Looking forward, the potential integration of such biomarkers into the HS or similar scoring systems could revolutionize the assessment process, offering a more comprehensive view of patient prognosis. This evolution would not only improve the accuracy of outcome predictions but also inform more nuanced and effective treatment plans for TBI patients.

Study limitations and areas of further research

Our study’s approach, contrasting the CT-based HS with the more conventional GCS, inherently has its limitations. The GCS, despite its more basic nature, remains a universally recognized and foundational tool in the initial assessment of TBI patients, offering an essential snapshot of their immediate condition. Its enduring relevance underscores its role in clinical outcome prognostication, despite the evolving landscape of diagnostic and predictive methodologies.

The integration of various clinical, radiological, and laboratory markers, as seen in prognostic models like CRASH and IMPACT [4, 6, 7, 25], highlights the complexity of TBI outcomes. This complexity suggests the potential for artificial intelligence (AI) to develop a more comprehensive predictive tool by incorporating a wide range of indicators.
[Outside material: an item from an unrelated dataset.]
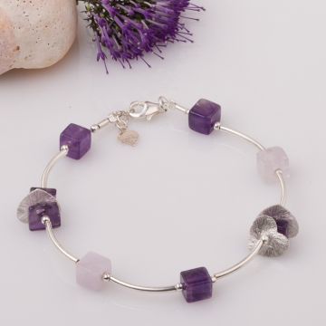 Bratara argint cu tuburi si serii de 5 cubulete din ametist si hematit
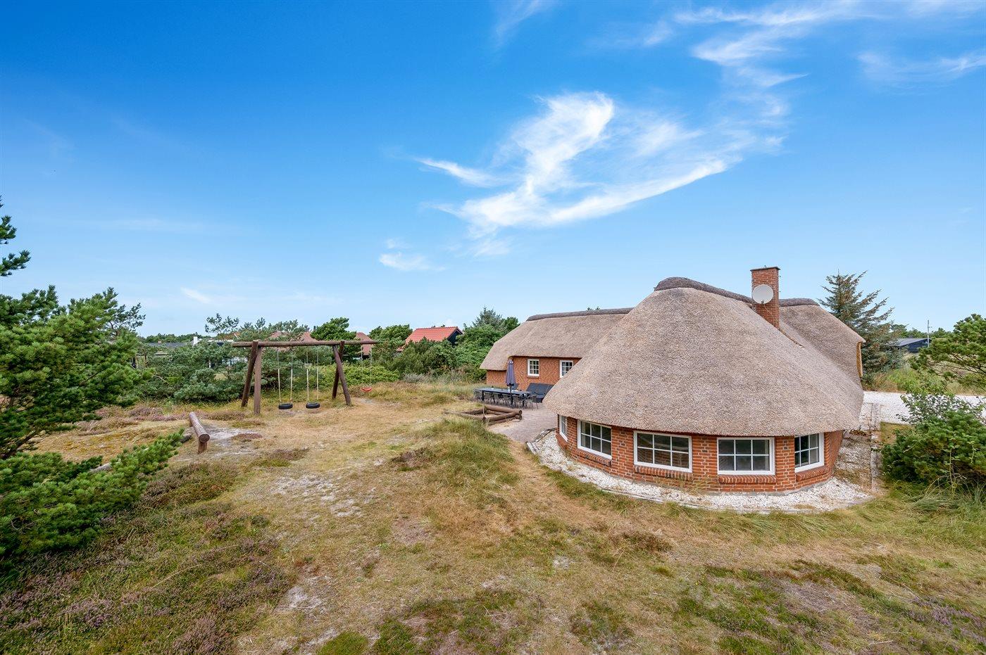 4,5I et naturskønt område på Holmsland Klit, kun 900 m fra Vesterhavet, og få min. kørsel fra badebyen Søndervig, ligger dette dejlige og rummelige sommerhus. Huset er bygget i sten med stråtag i 1994 og ligger på en skøn natur-/klitgrund. Åbent terrasseareal

Future research should explore AI-driven models to enhance TBI outcome prediction, aiming for a tool that balances sophistication with clinical usability.

Conclusion

This study confirms the effectiveness of the HS within a substantial German cohort, illustrating its superiority over GCS in forecasting outcomes of TBI based solely on radiological assessments. Nevertheless, the HS’s limitation lies in its exclusion of clinical evaluations, an essential aspect of comprehensive TBI management. This finding emphasizes the need for an integrated prognostic framework that synergizes radiological and clinical data, ensuring a more thorough and precise prediction of TBI outcomes.